Not all paths require climbing up. There are frequently easier ways to arrive at where you want to go.

Some paths, though, invite you--and though at the time you might hesitate (the climb is too steep, it was not in "the plan", it's probably a waste of time, and it may not, in the end, be worth it)--when you do accept, as I did last week, on my walk through Sanctuary park testing out my new digital camera--important pieces of the puzzle sometimes fall into place that might otherwise have taken hours or days or weeks or even decades to assemble, in that mosaic we try to construct to understand, well, "life".

The treasures I found!!!  My eyes were immediately drawn to Down instead of Up, as I ascended the stone stairs, though the view all around was much more compelling.  Surprisingly more enjoyable than reaching my particular destination was the journey itself, slowly, step by step, one tiny visual connection at a time. 
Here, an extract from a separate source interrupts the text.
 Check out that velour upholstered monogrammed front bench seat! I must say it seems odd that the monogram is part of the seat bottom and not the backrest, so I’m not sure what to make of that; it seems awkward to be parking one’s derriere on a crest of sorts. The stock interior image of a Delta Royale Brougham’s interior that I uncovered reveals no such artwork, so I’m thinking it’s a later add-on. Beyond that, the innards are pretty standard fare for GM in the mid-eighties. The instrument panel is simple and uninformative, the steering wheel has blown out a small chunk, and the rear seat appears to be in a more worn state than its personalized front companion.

My camera didn't just capture a cascade of leaf-littered stairs up a steep grass embankment--it recorded  images made by water, on granite, that I saw as ghosts of beings or scenes of life:  a man fishing on a boat as a whale watches;  a farmer with his scythe, clearing his land; the ruins of a bombed out city; a citadel announcing its importance to the surrounding mountains; a traveler walking in the evening, under a stormy sky; an impertinent duck chuckling at the antics of a fox; a wolf watching over its cubs at play--reminding me, like those once-brilliant, scattered autumn leaves--that all things pass, but that they come back again ...and again and again ... and again ... different but the same, resurrected and reborn throughout the life cycle, in more ways than we can imagine.
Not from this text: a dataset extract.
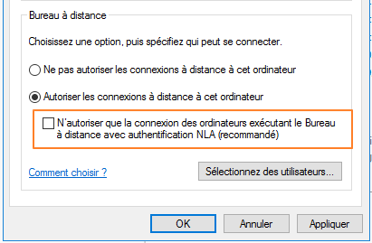 Sinon, bien que ce soit déconseillé, vous pouvez désactiver l'option "N'autoriser que la connexion des ordinateurs exécutant le Bureau à distance avec authentification NLA (recommandé)" sur votre serveur. Ensuite, ça fonctionnera mais ça ne doit être qu'une éventuelle solution de secours en attendant d'installer le patch !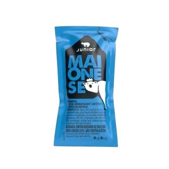 Maionese Sachet 7g JuniorA praticidade em porção individual! Armazenamento:Antes de aberto: Mantenha em local fresco, seco e ao abrigo da luz solar direta. Após aberto: Consuma imediatamente. Por ser uma porção monodose, o sachê não é reciclável após abertura.Validade:12 meses a partir da data de fabricação (indicada na embalagem). Após aberto, descarte as sobras.Dica de Uso: Perfeita para lanches rápidos!Leve na mochila, bolsa ou lancheira para adicionar cremosidade a sanduíches, salgados ou saladas em qualquer lugar. Agite suavemente antes de abrir para homogeneizar a textura.

"It's just a bunch of steps!" for crying out loud.  [my inner voice]

And yet ... if you look ... there are a dozen poems hiding in those crevices; a hundred hidden stories; a thousand memories of the universe, waiting to be untapped.  If only someone stopped and looked.

Of course, as with Rorschach ink blots, not everyone sees the same things--in a watermark, or the pattern of fallen leaves, for example.  But whatever it is you see, or think you see--it has specific relevance to you.  And paying attention to what it means to you, however absurd or mysterious it may seem to others, is a recognition, it seems to me, of one of the ways the universe responds to our sometimes exasperated questionings.  The answer comes, not as we expect, as an answer.  Sometimes it's just a picture, an image--or a word--but we are somehow able to make the connection.

Not all those who wander are lost.  [Who said that?]  Not every decision is always made based on logic.  And for those times we postpone "getting there" to stop and enjoy the now, those times we deviate from 'the plan' as a temporary reprieve from the urgency of getting to the substance of a thing--sometimes there's a hidden bonus:  we advance more rapidly than we ever might have imagined, not to where we thought was most important--but to somewhere ... better.

I would love to be able to say this in a story, or a poem.  Or a photograph.

That is the problem:  How to say a thing, that maybe can't be said. Without sounding phony--or worse, "preachy". 

"I see a butterfly."
"I see a rat."
"I see a bunch of random, blobby watermarks.  It says nothing to me.  What are you babbling about?!!"

About those stone steps ... you would have had to have been there.